[[ Data excerpts, beginning ]]
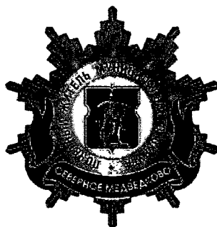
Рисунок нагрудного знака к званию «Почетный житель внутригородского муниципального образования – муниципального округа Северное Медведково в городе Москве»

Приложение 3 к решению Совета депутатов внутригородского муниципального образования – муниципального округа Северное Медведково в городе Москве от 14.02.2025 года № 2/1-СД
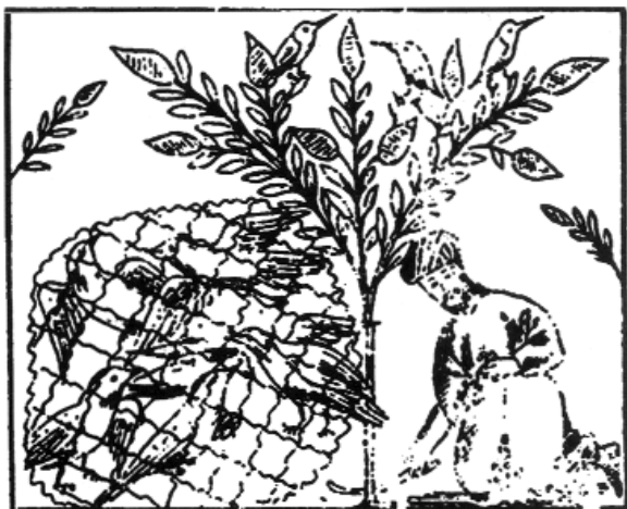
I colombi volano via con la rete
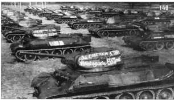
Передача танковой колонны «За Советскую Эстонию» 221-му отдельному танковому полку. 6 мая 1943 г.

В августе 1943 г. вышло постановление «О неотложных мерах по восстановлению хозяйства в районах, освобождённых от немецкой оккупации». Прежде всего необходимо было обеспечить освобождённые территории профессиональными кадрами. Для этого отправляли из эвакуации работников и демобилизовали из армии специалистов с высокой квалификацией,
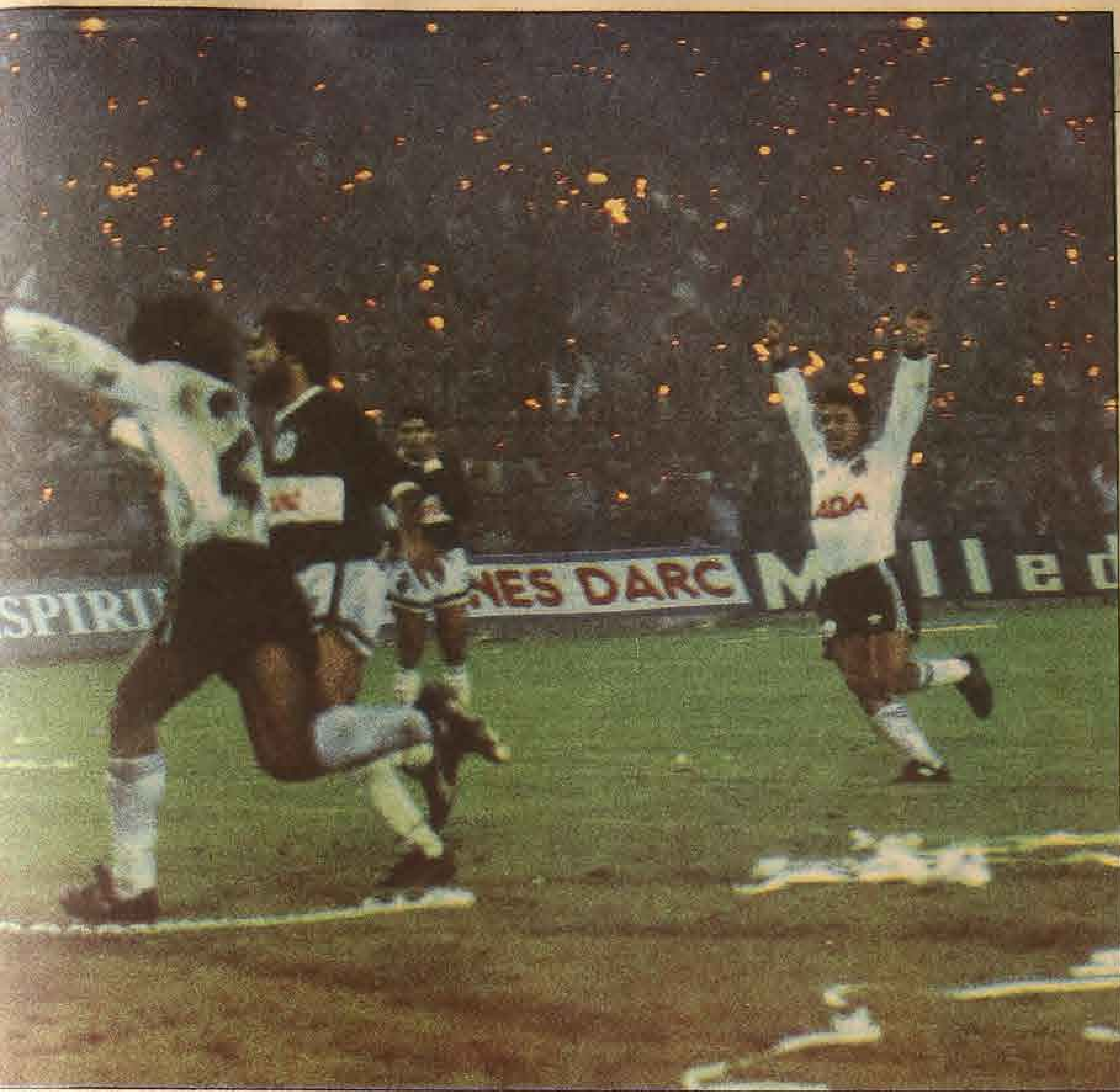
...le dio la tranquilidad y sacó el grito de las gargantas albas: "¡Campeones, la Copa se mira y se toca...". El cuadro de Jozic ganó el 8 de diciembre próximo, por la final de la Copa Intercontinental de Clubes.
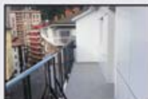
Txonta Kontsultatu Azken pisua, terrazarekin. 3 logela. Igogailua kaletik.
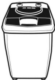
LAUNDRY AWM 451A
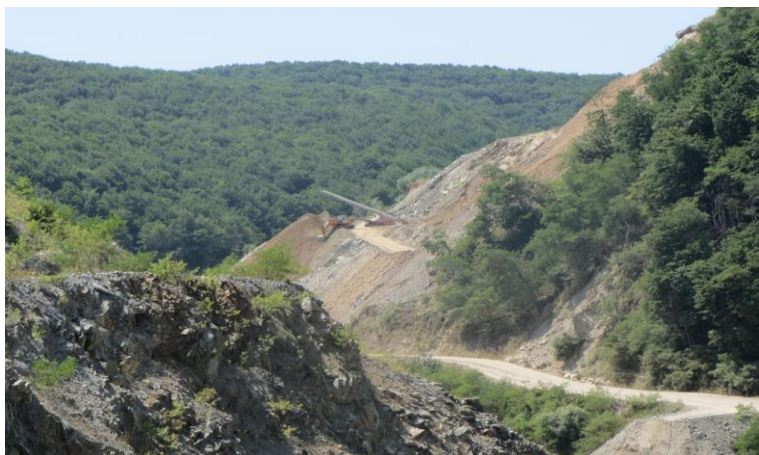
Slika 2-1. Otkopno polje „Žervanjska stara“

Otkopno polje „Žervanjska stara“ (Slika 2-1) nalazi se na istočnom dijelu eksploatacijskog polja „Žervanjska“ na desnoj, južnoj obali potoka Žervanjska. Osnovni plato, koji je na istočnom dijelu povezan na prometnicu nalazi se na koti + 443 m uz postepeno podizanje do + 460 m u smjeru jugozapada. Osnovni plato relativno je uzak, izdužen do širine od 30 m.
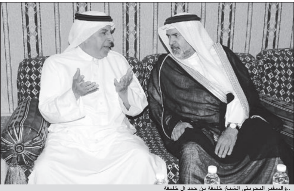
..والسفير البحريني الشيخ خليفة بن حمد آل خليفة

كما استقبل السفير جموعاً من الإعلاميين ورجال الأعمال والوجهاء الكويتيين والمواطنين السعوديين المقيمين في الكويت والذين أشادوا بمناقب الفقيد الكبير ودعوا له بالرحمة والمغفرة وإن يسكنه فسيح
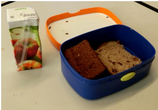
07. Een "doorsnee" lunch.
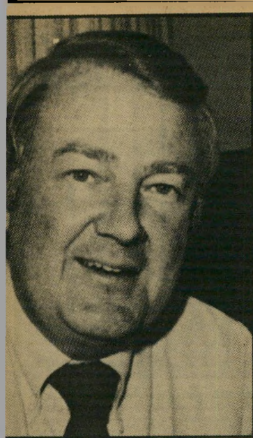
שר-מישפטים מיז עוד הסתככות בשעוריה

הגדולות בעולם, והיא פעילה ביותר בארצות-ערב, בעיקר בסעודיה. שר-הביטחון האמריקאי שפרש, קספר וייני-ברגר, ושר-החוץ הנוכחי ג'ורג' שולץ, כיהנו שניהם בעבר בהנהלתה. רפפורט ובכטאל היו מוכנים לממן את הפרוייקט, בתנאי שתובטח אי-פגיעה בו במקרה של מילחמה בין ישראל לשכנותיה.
[[ Data excerpts, end ]]
[[ Data excerpts, beginning ]]
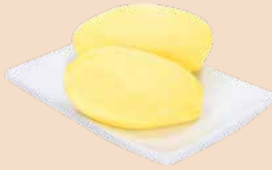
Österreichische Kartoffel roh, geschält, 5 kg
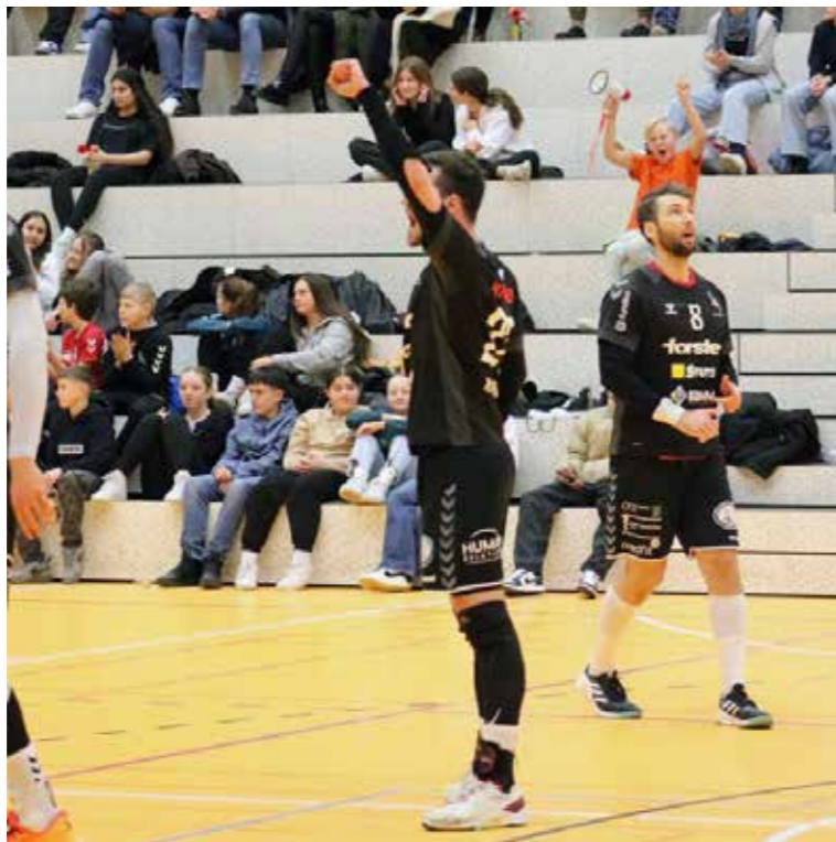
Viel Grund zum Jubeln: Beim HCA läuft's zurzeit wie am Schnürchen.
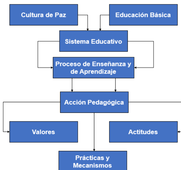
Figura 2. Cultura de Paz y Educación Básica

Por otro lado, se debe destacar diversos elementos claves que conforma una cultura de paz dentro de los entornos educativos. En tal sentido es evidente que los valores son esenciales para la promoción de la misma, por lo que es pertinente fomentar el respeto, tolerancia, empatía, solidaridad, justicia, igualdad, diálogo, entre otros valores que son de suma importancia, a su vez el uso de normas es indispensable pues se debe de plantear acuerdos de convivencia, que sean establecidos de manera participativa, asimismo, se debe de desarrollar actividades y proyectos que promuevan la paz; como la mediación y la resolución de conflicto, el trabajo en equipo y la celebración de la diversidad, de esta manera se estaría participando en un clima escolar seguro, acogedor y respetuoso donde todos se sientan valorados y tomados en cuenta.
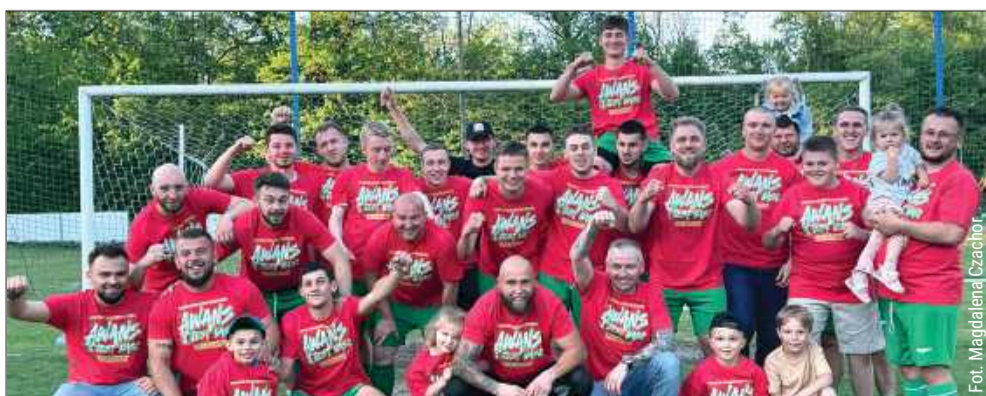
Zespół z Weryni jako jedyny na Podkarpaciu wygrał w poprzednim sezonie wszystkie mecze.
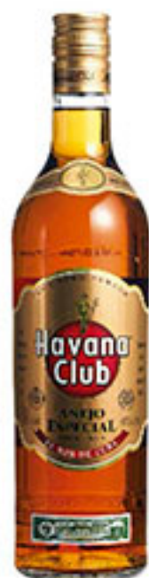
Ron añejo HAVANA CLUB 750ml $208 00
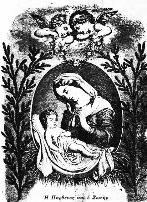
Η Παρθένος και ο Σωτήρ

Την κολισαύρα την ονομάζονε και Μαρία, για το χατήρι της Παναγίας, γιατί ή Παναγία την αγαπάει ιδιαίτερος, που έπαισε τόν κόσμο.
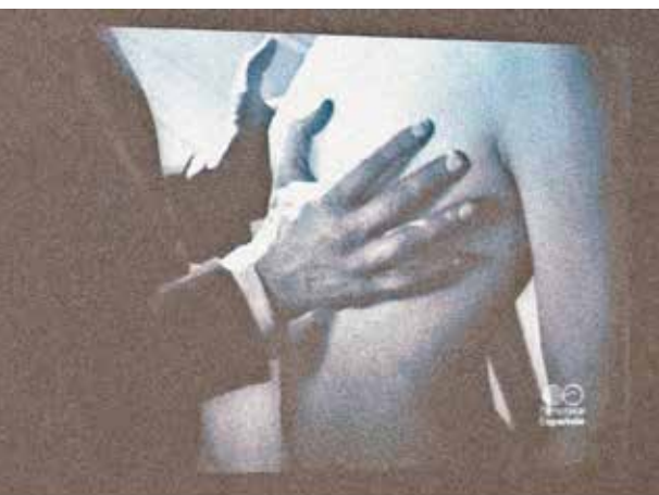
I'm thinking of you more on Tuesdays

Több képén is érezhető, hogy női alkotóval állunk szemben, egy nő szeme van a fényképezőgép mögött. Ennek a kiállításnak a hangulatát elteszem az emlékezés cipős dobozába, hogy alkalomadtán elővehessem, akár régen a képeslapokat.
[[ Data excerpts, end ]]
*The task*
Search the records for the string "округа" and return every line in which it occurs.

*Result of this exercise*
Рисунок нагрудного знака к званию «Почетный житель внутригородского муниципального образования – муниципального округа Северное Медведково в городе Москве»
Приложение 3 к решению Совета депутатов внутригородского муниципального образования – муниципального округа Северное Медведково в городе Москве от 14.02.2025 года № 2/1-СД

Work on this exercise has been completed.